Namun ada kalanya pernyataan selintas di status kawan membuat saya gregetan juga ingin berkomentar. Halah :).
Saya tidak tahu seperti apa acara televisi saat ini. Tetapi saya percaya bahwa tontonan pun seperti halnya bacaan akan membentuk cara kita berpikir. Pembentukan karakter kita pun tidak lepas dari pengaruh keduanya, yang kita lihat dan yang kita baca.
Nah, kebetulan beberapa hari yang lalu saya melihat film televisi jaman dahulu di youtube. Mulanya saya mencari film Neraca Kasih yang dibintangi Tuti Indra Malaon. Konon ini film bagus. Dari film Neraca Kasih saya lalu menenukan tak sengaja film yang dibintangi oleh Yessy Gusman dan Rano Karno (dua artis paling top di jamannya) yang berjudul Buah Terlarang. Hm, memang agak gimana gitu judulnya ya? π
Filmnya tak penuh, tapi ada beberapa hal menarik yang saya amati dari film lama ini.
Dikisahkan, sepasang remaja SMA yang saling jatuh cinta. Singkat cerita, terjadi kehamilan. Bagaimana sikap orang tua, anak, dan orang-orang disekeliling mereka menyikapi peristiwa tersebut? Ini yang menarik.
Dalam sebuah adegan, ditampilkan bagaimana si Ibu perempuan berkomunikasi dengan sang putri. Bagaimana si Ibu menghargai privasi anaknya dengan meminta asisten rumah tangganya membuat bubur dan segera menutup pintu kamar agar mereka berdua bisa berkomunikasi. Walaupun kaget dan marah dengan pengakuan putrinya tetapi si Ibu tampak bisa menahan emosinya. Kalau di sinetron sekarang barangkali si Ibu sudah teriak-teriak histeris (semoga masih dengan kalimat yang santun ya? π ) sambil tak lupa mata melotot dan urat wajah menegang. Lalu, sang anak pun tak kalah galak. Balik menyalahkan Ibunya dan membanting pintu, pergi. Tinggal deh si Ibu menangis sesengukan. Drama banget ya? (Jadi bertanya-tanya, apakah kepandaian masyarakat kita ber-drama di dalam dunia nyata ini diwarisi dari tontonan yang seperti ini ya?).

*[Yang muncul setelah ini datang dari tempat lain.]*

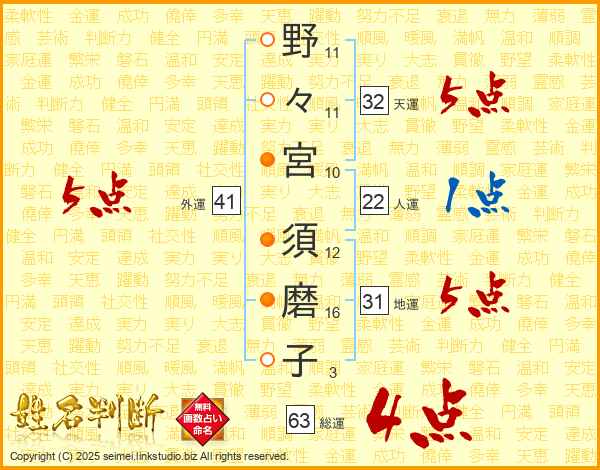 野(11画)々(11画)宮(10画) 須(12画)磨(16画)子(3画)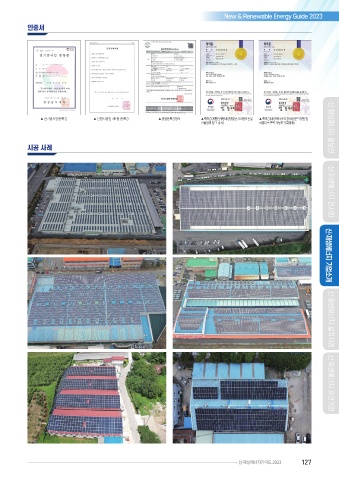 New & Renewable Energy Guide 2023 인증서 ▲ 전기공사업등록증 ▲ 난방시공업 제1종 등록증 ▲ 공장등록증명서 ▲ 특허증(계통연계형 태양광발전 시스템의 손실 ▲ 특허증(태양에너지의 경제성 분석 방법 및 산출방법 및 그 장치) 컴퓨터로 판독 가능한 기록매체) 신·재생에너지 홍보관 시공 사례 신·재생에너지 기업소개 신·재생에너지 전시회 신·재생에너지 유관기관 신·재생에너지가이드 2023 127 신·재생에너지 설치사례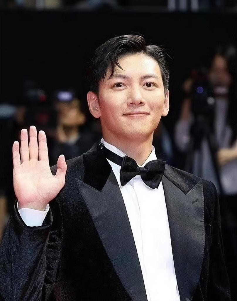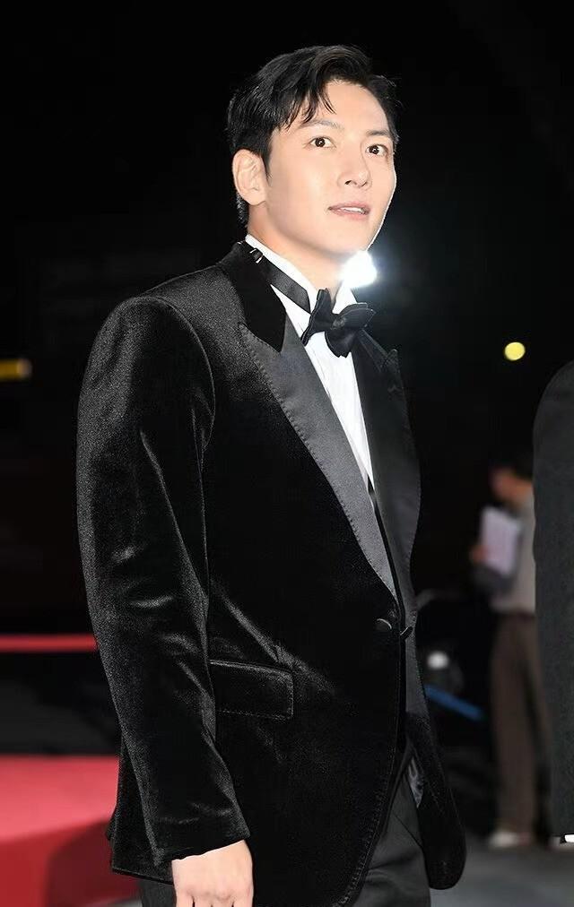池昌旭的这套造型也是黑西装配领结,与其他几位男明星没什么差别,但身材和脸,还是把这一套穿出了帅气有型的感觉。

Adegan lainnya dalam film lama itu adalah ketika si Ibu mencari waktu yang tepat untuk bisa menceritakan kehamilan putri mereka kepada sang suami. Ada juga diceritakan bagaimana para Guru berdebat untuk menyelesaikan permasalahan yang bisa mencoreng nama sekolah. Para Guru di film ini digambarkan sebagai orang-orang pintar yang terdidik. Perhatikan bagaimana mereka berdiskusi dan sampai kepada keputusan akhir.
Beberapa kutipan dialog yang saya suka dari film ini.
“Memberikan kesempatan untuk melanjutkan sekolah juga berarti merupakan hukuman yang berat. Dia diuji untuk menghadapi kenyataan dan lingkungannya. Hukuman tidak harus berupa penistaan. Senyuman pun bisa merupakan hukuman.”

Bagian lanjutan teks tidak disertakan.